Bukan hal baru lagi untuk aktris peraih satu kali Oscar ini dalam memerankan karakter yang memiliki gangguan psikis. Apalagi untuk karakter Nina dan Celeste tidaklah jauh berbeda. Keduanya berambisi besar, hidup dalam dunia entertain, dan selalu memiliki kecemasan berlebihan. Bedanya, Celeste disini jauh lebih "cerewet" dibanding Nina. Sekali lagi, mudah untuk penonton tidak menyukai Celeste, namun berkat pendekatan Portman, penonton tidak merasakan hal tersebut. Iya, Celeste merupakan wanita menyebalkan, namun ia juga begitu perduli dengan putri semata wayangnya, Albertine (yang juga diperankan oleh Raffey Cassidy).

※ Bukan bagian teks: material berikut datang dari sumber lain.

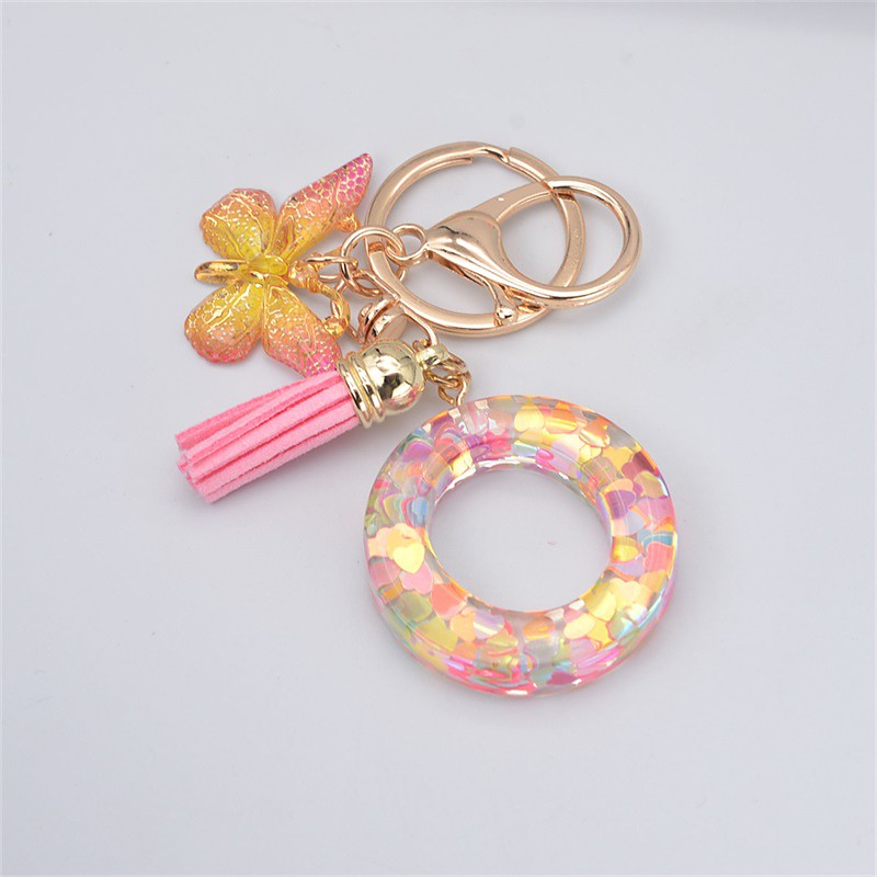 New Exquisite 26 Letter Resin Keychain with Pink Tassel Gradient Butterfly Pendant Key Ring Women Bag Ornaments Accessories Gift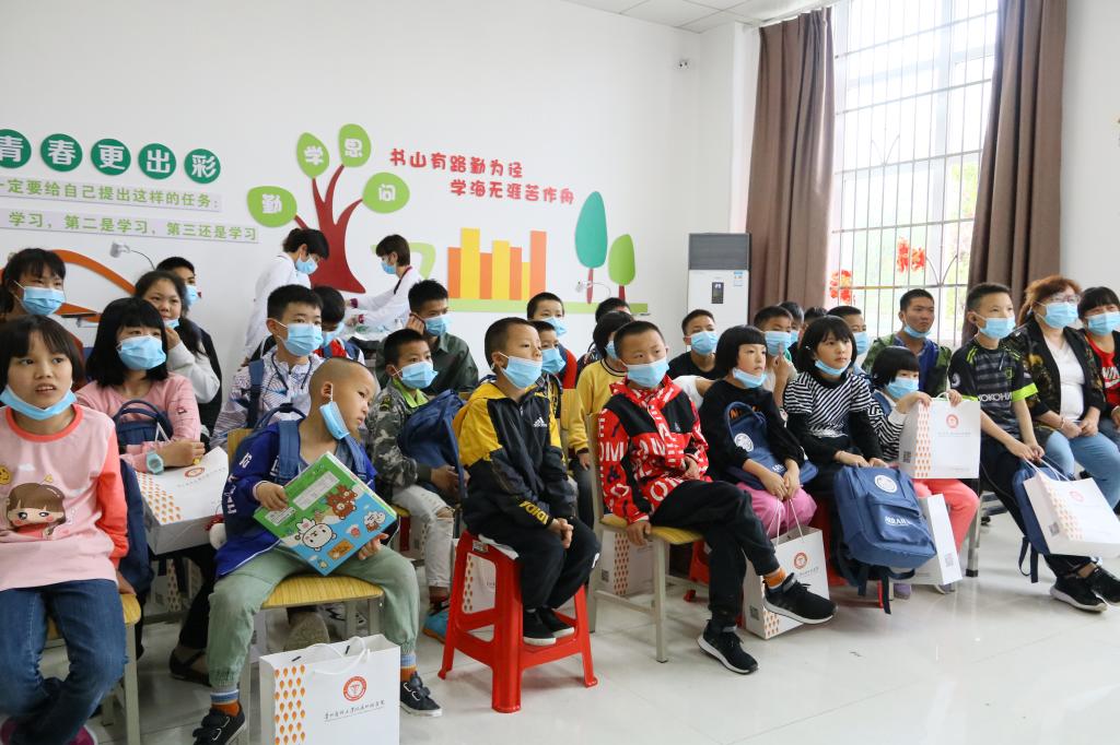 启动仪式后,与会领导亲切地为孩子们赠送书包、文具、绘本、牙具等纪念品和学习、生活用品。
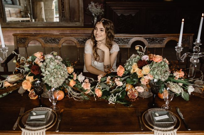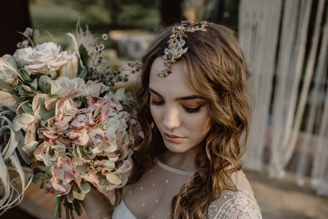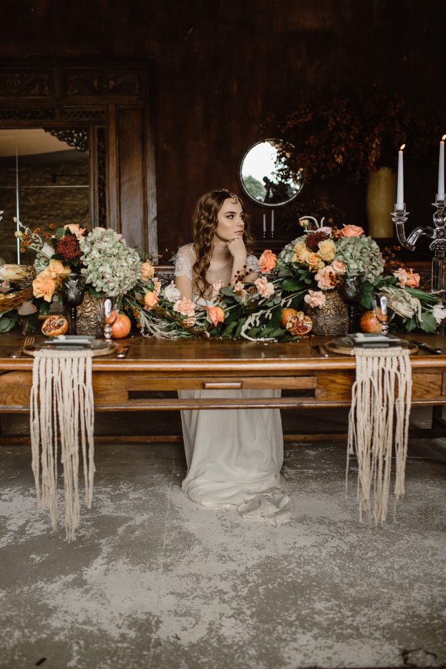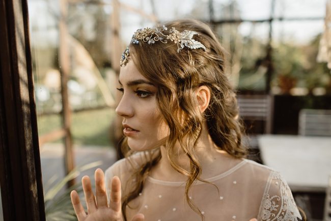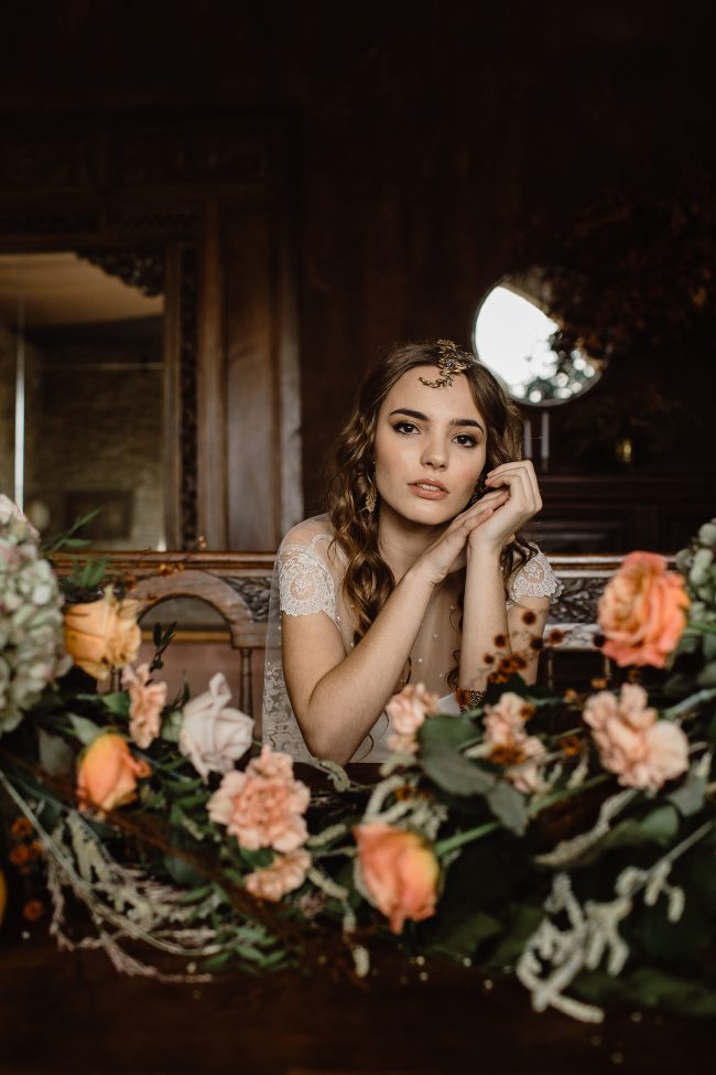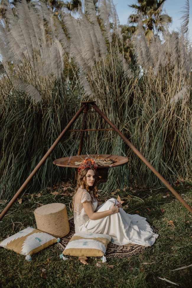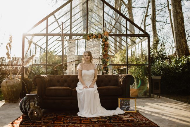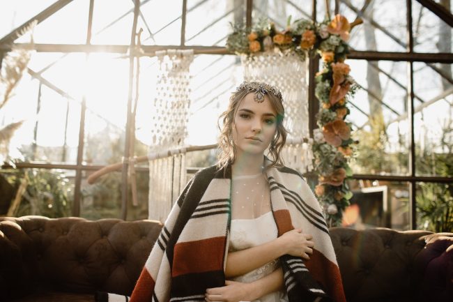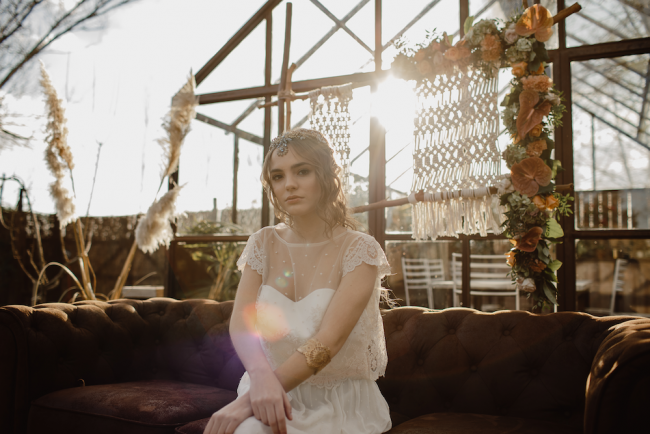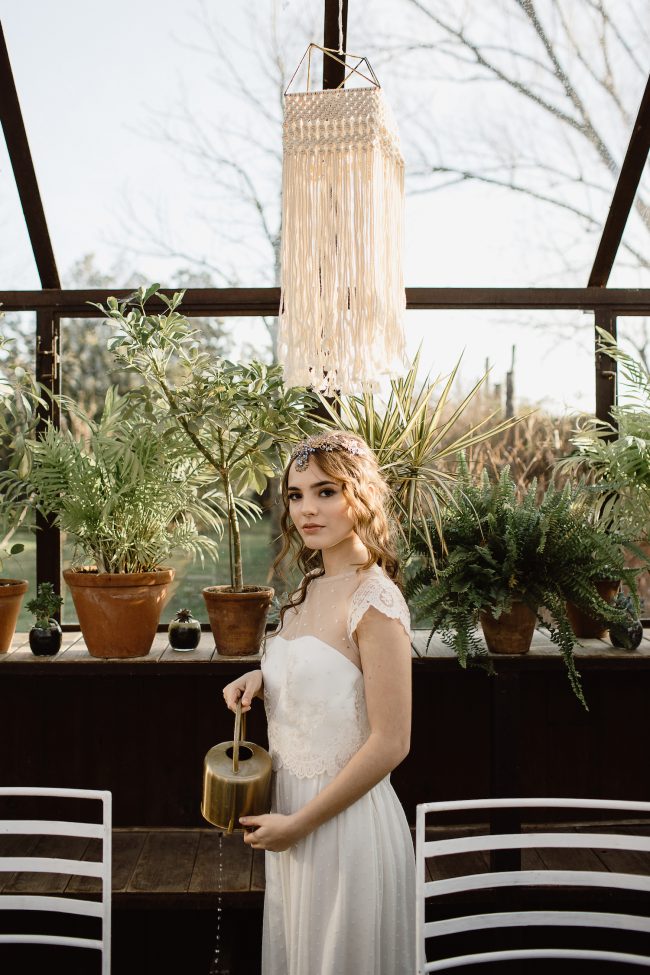 El invernadero presente en CortalGran fue el escenario perfecto para este reportaje, donde se aprecia una novia bohemia y romántica con un toque trasngresor.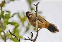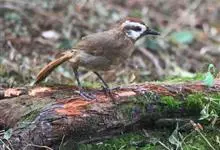 白颊噪鹛是雀形目噪鹛科噪鹛属鸟类,又称土画眉、小画眉、小噪鹃。成鸟额至头顶栗褐色,长眉纹、眼先和颊纹棕白色,眼后至耳羽深褐色,…全部>>

Disinilah Portman memberikan pendekatan hati dan rasa setiap kali Celeste menunjukkan perhatiannya kepada Albertine. Selain itu, Portman juga melakukan pekerjaan hebat setiap kali karakter nya harus menunjukkan kegelisahan. Puncaknya kala Celeste tengah mengalami mental breakdown di ruang wardrobe. Bagi saya, keberadaan Natalie Portman tidak hanya memberikan performa mengagumkan, tetapi ia juga berhasil menyelamatkan penonton dari rasa bosan dalam menikmati Vox Lux. Paruh akhir menjadi menarik dan jauh lebih berwarna dibanding paruh awal nya. Rating yang saya berikan tentu jauh akan lebih rendah andai Vox Lux tidak dibintangi oleh Portman. Apalagi kala ending nya yang saya anggap sebagai momen redemption untuk Celeste, nyatanya berujung datar dan memberikan kesan "lah, begini aja?" kala closing credits hadir.

6,75/10


0 komentar:

Post a Comment

Subscribe to RSS Feed Follow me on Twitter!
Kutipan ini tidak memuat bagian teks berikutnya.